### TASK ITEM
Please transcribe the data below in full, word for word, without the images.

SUPPLIED MATERIAL Block Start

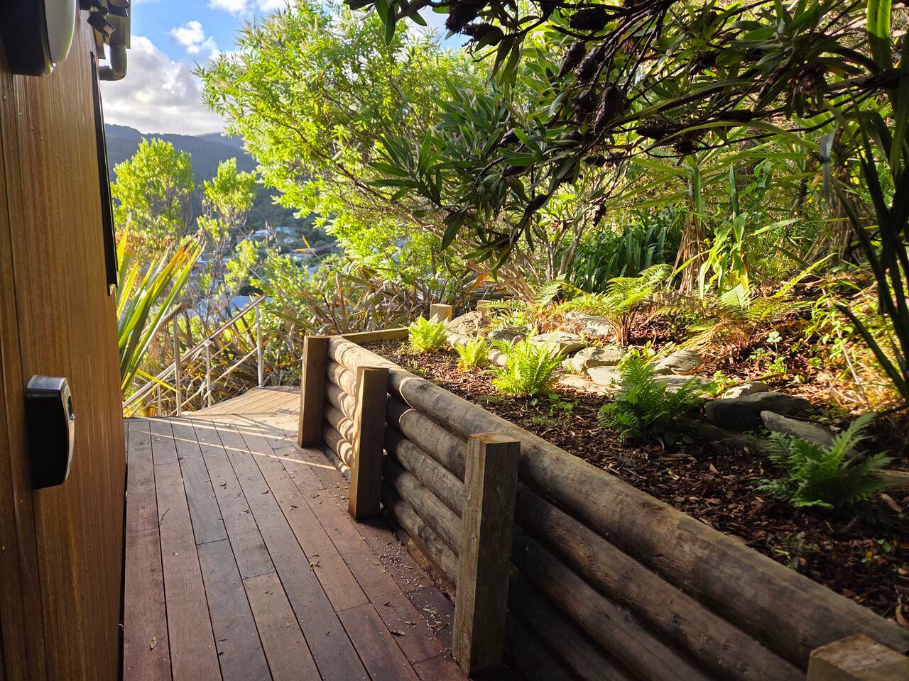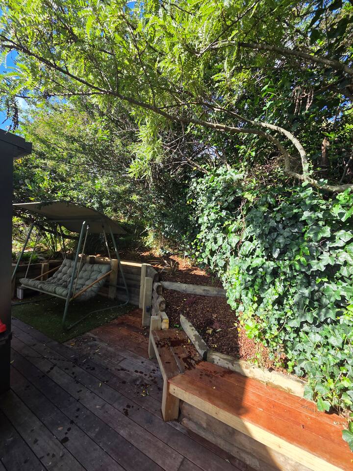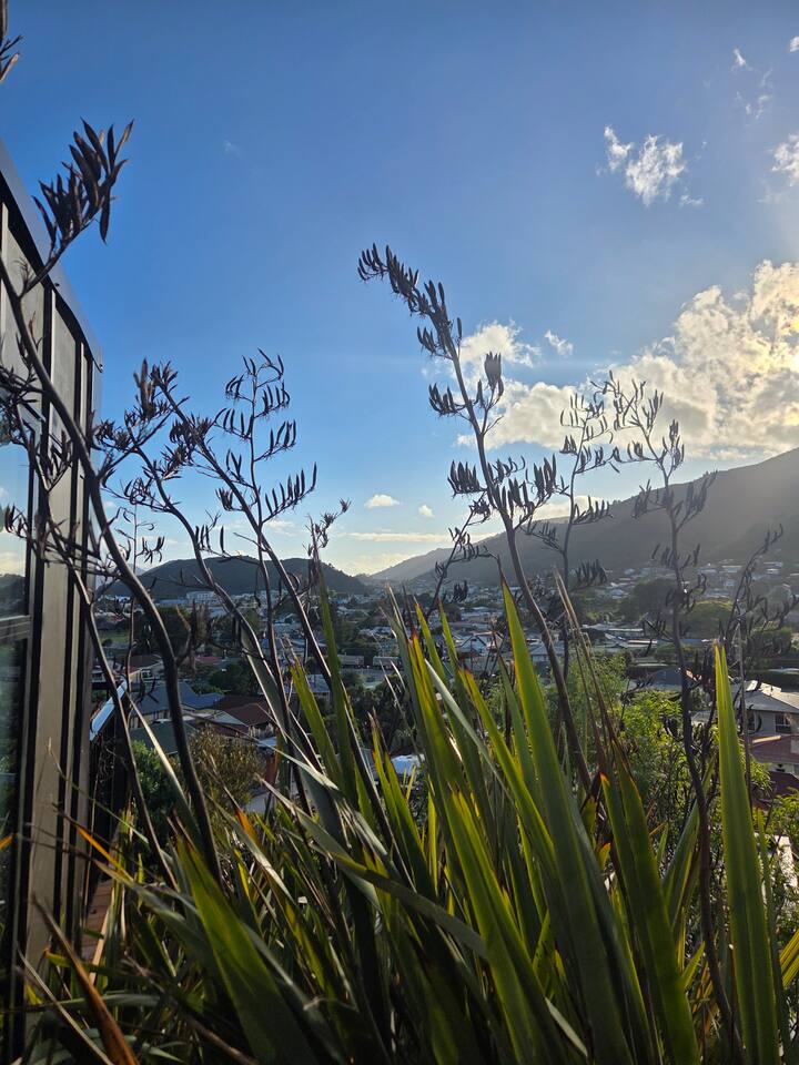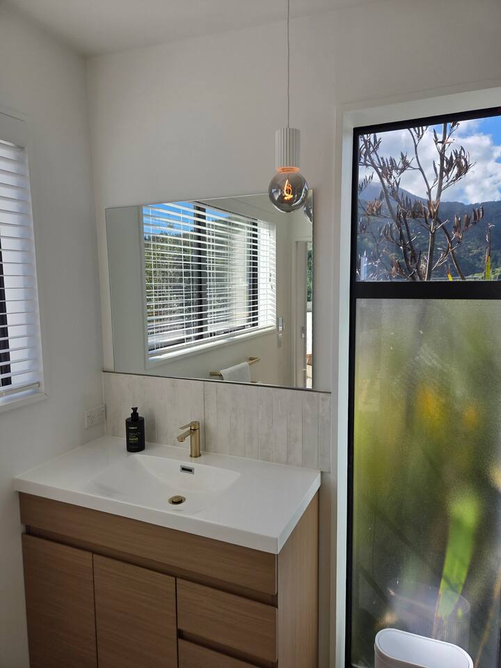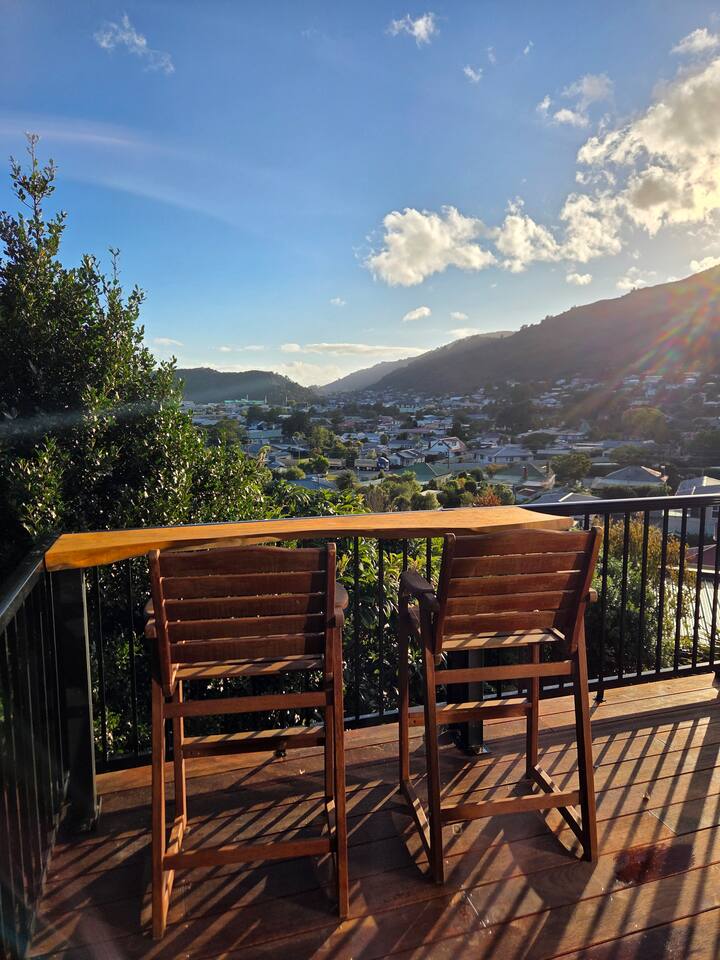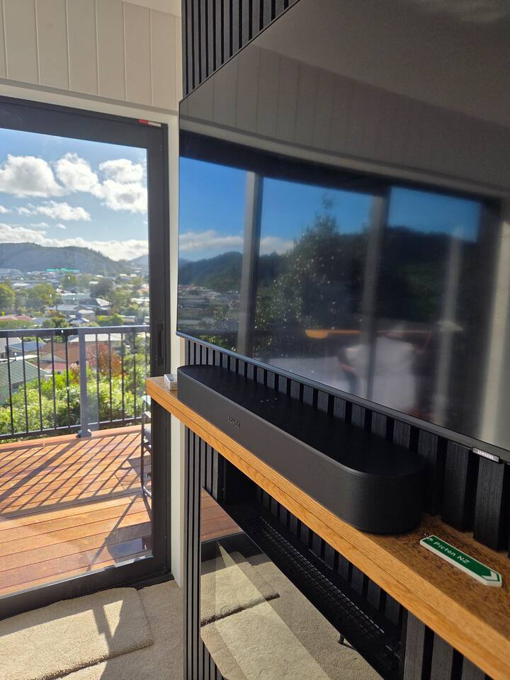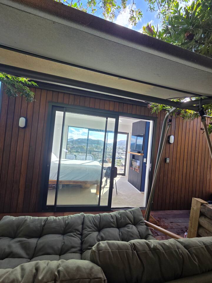 Welcome to The Landing, a newly finished top-level dwelling in Picton with sweeping harbour and township views to watch the Interislander arrive from the outdoor couch. Bright, modern and thoughtfully designed for relaxation, this 20m² compact retreat features 45 m² of wraparound decking making it feel extra spacious with an outdoor BBQ kitchenette, perfect for alfresco meals and sunsets. The unique swing seat lets you gently sway while enjoying the view through the dwelling while maintaining privacy. Inside you'll find an award winning queen bed a luxurious high-end bathroom with a 1200 x 1500mm twin-head his & her shower, an electric fireplace, air conditioning, motorised blinds, Samsung Smart TV, a Sonos Soundbar with Alexa that you can use to control all the lighting and blinds. There's a mini-fridge, coffee machine with supplied pods and microwave to make shorter stays effortless.
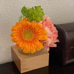 お出かけ先に日比谷花壇があったので、500円のミニブーケを買って帰りました。 ビタミンカラー。
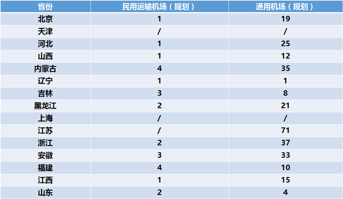 2017-2020年各省市A1、A2级通用机场和民用运输机场规划数量表

SUPPLIED MATERIAL Block End

### ANSWER SECTION
 Welcome to The Landing, a newly finished top-level dwelling in Picton with sweeping harbour and township views to watch the Interislander arrive from the outdoor couch. Bright, modern and thoughtfully designed for relaxation, this 20m² compact retreat features 45 m² of wraparound decking making it feel extra spacious with an outdoor BBQ kitchenette, perfect for alfresco meals and sunsets. The unique swing seat lets you gently sway while enjoying the view through the dwelling while maintaining privacy. Inside you'll find an award winning queen bed a luxurious high-end bathroom with a 1200 x 1500mm twin-head his & her shower, an electric fireplace, air conditioning, motorised blinds, Samsung Smart TV, a Sonos Soundbar with Alexa that you can use to control all the lighting and blinds. There's a mini-fridge, coffee machine with supplied pods and microwave to make shorter stays effortless.
 お出かけ先に日比谷花壇があったので、500円のミニブーケを買って帰りました。 ビタミンカラー。
 2017-2020年各省市A1、A2级通用机场和民用运输机场规划数量表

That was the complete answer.